James Hansen: "The green new deal as they've defined that is nonsense. We need a real deal which understands how economics works and what we need to do in order to move off of fossil fuels. And that requires in addition to this rising carbon fee, with the distribution to the public. We also have to have the technologies we have to help the developing countries, the Western world burned the carbon budget for the whole world. Now we've got a problem. And we're going to have to help those countries they want to raise their standards of living to match ours. And so there, it's a big problem but it's a solvable problem."
Host to Sunrise Movement's co-founder Varshini Prakash: "You and James Hansen both agree on the scale of the challenge but he thinks your solution is nonsense."
Varshini Prakash: "Well I would say that I don't think that simply putting a price on carbon is going to be enough in this moment I think if it were 30 years ago that might have been enough and and even after the most recent IPCC report the UN Climate report that came out last fall's said that we need to make unprecedented changes to every part of our economy and our society to stop this crisis. So I don't think that that's going to be enough I think we need to be we need..."
Hansen: "Yeah, it's not enough, but it's the underlying policy that's required to make the price of fossil fuels honest, otherwise people will keep burning them the same way that we did in the West, because people want energy, they're going to raise their standard of living. They need energy, and we need to make the price of fossil fuels include their cost to society that's the underlying requirement. But there is technology development also, I just quickly touch on, because, because James talked about matching."

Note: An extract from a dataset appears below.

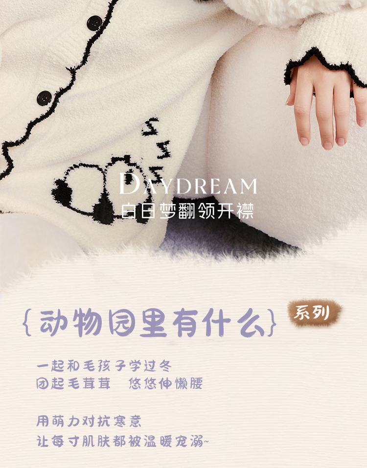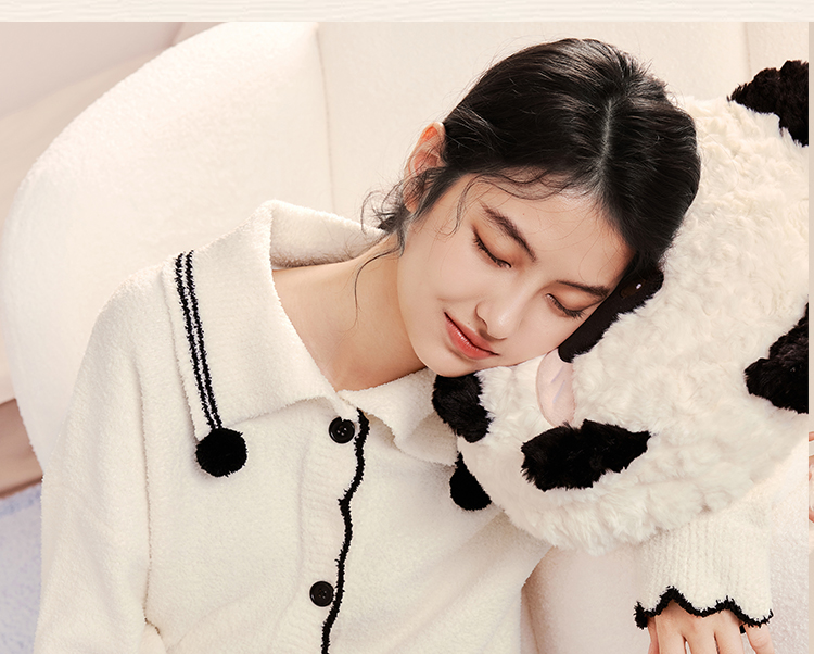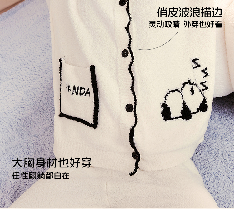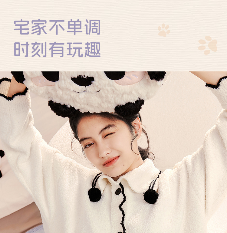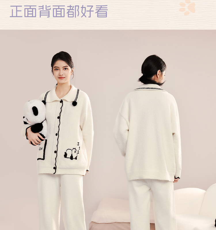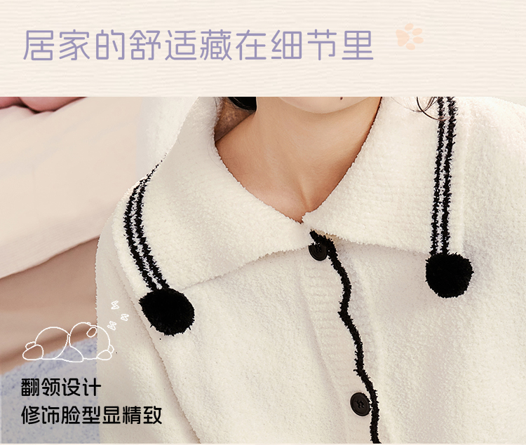 奶糖派白日梦领半边绒保暖睡衣女翻领开襟套装秋冬加厚抗静电家居服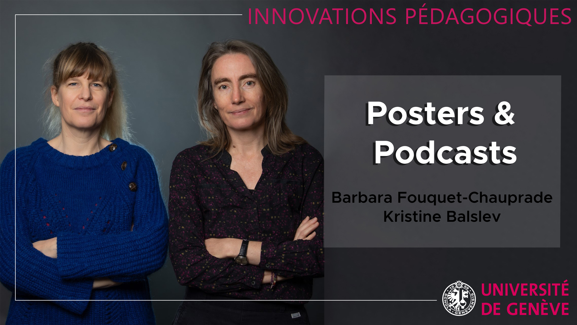 | https://www.youtube.com/embed/Vnm9oGKI5Pk?si=jrCDlXsGoFzYxdr1 | Barbara Fouquet-Chauprade & Kristine Balslev | Posters & podcasts | Ce cours vise à enseigner aux étudiant-es les diverses formes d'intervention en sciences de l'éducation, à les préparer, les analyser et à les mettre en œuvre. Les étudiant-es interagissent avec des intervenant-es extérieur-es et sont amenés à concevoir des projets d'intervention en réponse à des mandats fictifs, ainsi qu'à présenter leurs propositions à travers des posters et des podcasts. |

By: Marc Morano - Climate DepotApril 26, 2019 12:32 PM
https://grist.org/article/climate-movement-grandpa-james-hansen-says-the-green-new-deal-is-nonsense/?utm_medium=email&utm_source=newsletter&utm_campaign=beacon
By Zoya Teirstein
In the 1980s, NASA scientist James Hansen brought climate change to the attention of Congress, and shortly thereafter the public. Humans, he testified in 1988, were responsible for rising global temperatures.
But the man who put his reputation on the line to alert the world to the dangers of global warming doesn’t appear to agree with the most recent crop of climate advocates.

In April 20 debate with Sunrise Movement’s Varshini Prakash and Christian Aid’s Amanda Mukwashi, Hansen called the Green New Deal “nonsense.”
Hosted by Al Jazeera, the 12-minute debate highlights a growing fault line between two theories of climate action. Among progressives and environmental justice advocates, the Green New Deal represents a last-ditch, economy-wide overhaul. Hansen, on the other hand, seems to argue for a more economically incremental approach that is centered on a carbon tax.

That tension came to a head when Hansen appeared visibly aggravated by the progressive proposal and Prakash, realizing that one of the most prominent climate scientists in the world was scoffing at her organization’s central focus, could only laugh in disbelief.
Although Hansen is a proponent of using technology to bring down emissions, a carbon tax, he said, “is the underlying policy required. People need energy, we need to make the price of fossil fuels include their cost to society.”
The green new dealers, on the other hand, think their predecessors are offering too little too late. Prakash referenced a “point of no return” during the debate, a threshold past which temperatures rise so much that they trigger a series of unstoppable and catastrophic feedback loops. That kind of outcome can only be stopped by drastic action, she argued. When I spoke to Sunrise’s Evan Weber late last year, he indicated that the organization wasn’t actively pursuing a carbon tax.
What was most striking about Hansen’s argument was his measured tone, a stark difference from the way even the typically staid scientists behind the U.N’s IPCC report are beginning to discuss the issue.
“We should be phasing down emissions now,” he said, which seems like a bit of an understatement considering he’s been advocating for decreased emissions for the last, oh, four decades. “If we do that, we will get a little bit warmer than we are now, and then temperature(s) can begin to decline,” he said, adding that we will have to phase out fossil fuels over the “next several decades” in order to accomplish this goal.